Task to complete: Make an exact copy of the listing so that no picture is carried over.

** Opening Source material block **

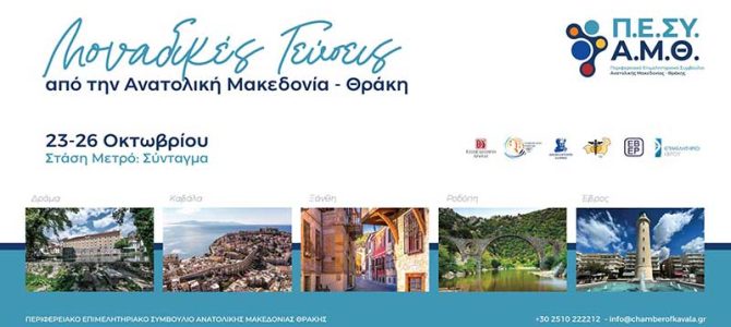 Τα εφτά Επιμελητήρια της Ανατολικής Μακεδονίας και Θράκης, μέσω του συλλογικού τους οργάνου, του Περιφερειακού Επιμελητηριακού Συμβουλίου ΑΜΘ (ΠΕΣΥ), διοργανώνουν για ακόμη μια χρονιά την Έκθεση Τροφίμων και Ποτών «Μοναδικές Γεύσεις από την Ανατολική Μακεδονία και Θράκη», η οποία θα πραγματοποιηθεί στον χώρο του Μετρό Συντάγματος στην Αθήνα, από τις 23 έως τις 26 Οκτωβρίου 2025.
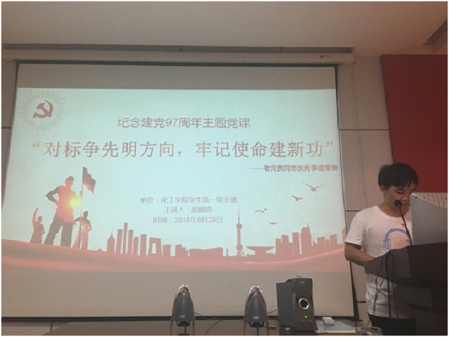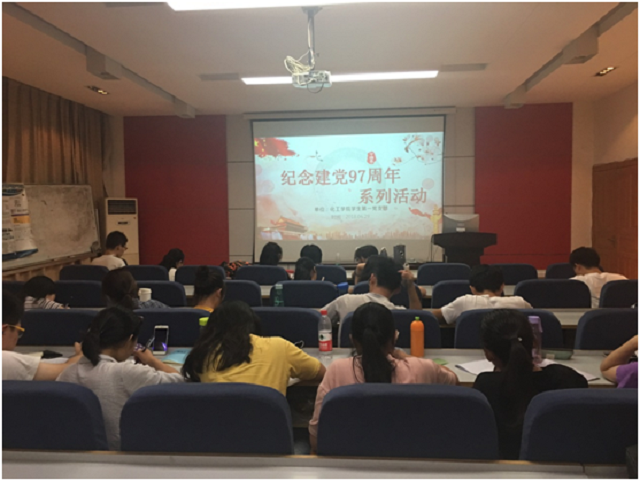 2018年6月29日晚7:00,谈球吧员工第一党支部全体党员在化工大楼A208教室参与了“纪念建党97周年系列活动”,本次活动共分为党课学习、“金句”专题学习、影视资料学习三个部分,由支部书记伍芝宏主持,旨在使全体党员深入贯彻党的十九大精神和习近平新时代中国特色社会主义思想,更好地发挥党组织的政治核心作用和党员的先锋模范作用。
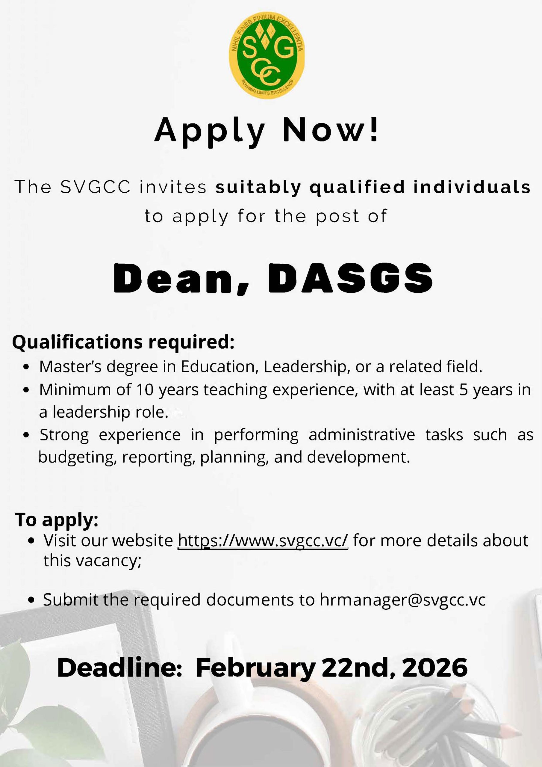 Applications are invited from suitably qualified individuals for the post of Dean of the Division of Arts, Sciences, and General Studies (DASGS) of the St. Vincent and the Grenadines Community College (SVGCC).

** Closing Source material block **

Solution to the exercise:
 Τα εφτά Επιμελητήρια της Ανατολικής Μακεδονίας και Θράκης, μέσω του συλλογικού τους οργάνου, του Περιφερειακού Επιμελητηριακού Συμβουλίου ΑΜΘ (ΠΕΣΥ), διοργανώνουν για ακόμη μια χρονιά την Έκθεση Τροφίμων και Ποτών «Μοναδικές Γεύσεις από την Ανατολική Μακεδονία και Θράκη», η οποία θα πραγματοποιηθεί στον χώρο του Μετρό Συντάγματος στην Αθήνα, από τις 23 έως τις 26 Οκτωβρίου 2025.
 2018年6月29日晚7:00,谈球吧员工第一党支部全体党员在化工大楼A208教室参与了“纪念建党97周年系列活动”,本次活动共分为党课学习、“金句”专题学习、影视资料学习三个部分,由支部书记伍芝宏主持,旨在使全体党员深入贯彻党的十九大精神和习近平新时代中国特色社会主义思想,更好地发挥党组织的政治核心作用和党员的先锋模范作用。
 Applications are invited from suitably qualified individuals for the post of Dean of the Division of Arts, Sciences, and General Studies (DASGS) of the St. Vincent and the Grenadines Community College (SVGCC).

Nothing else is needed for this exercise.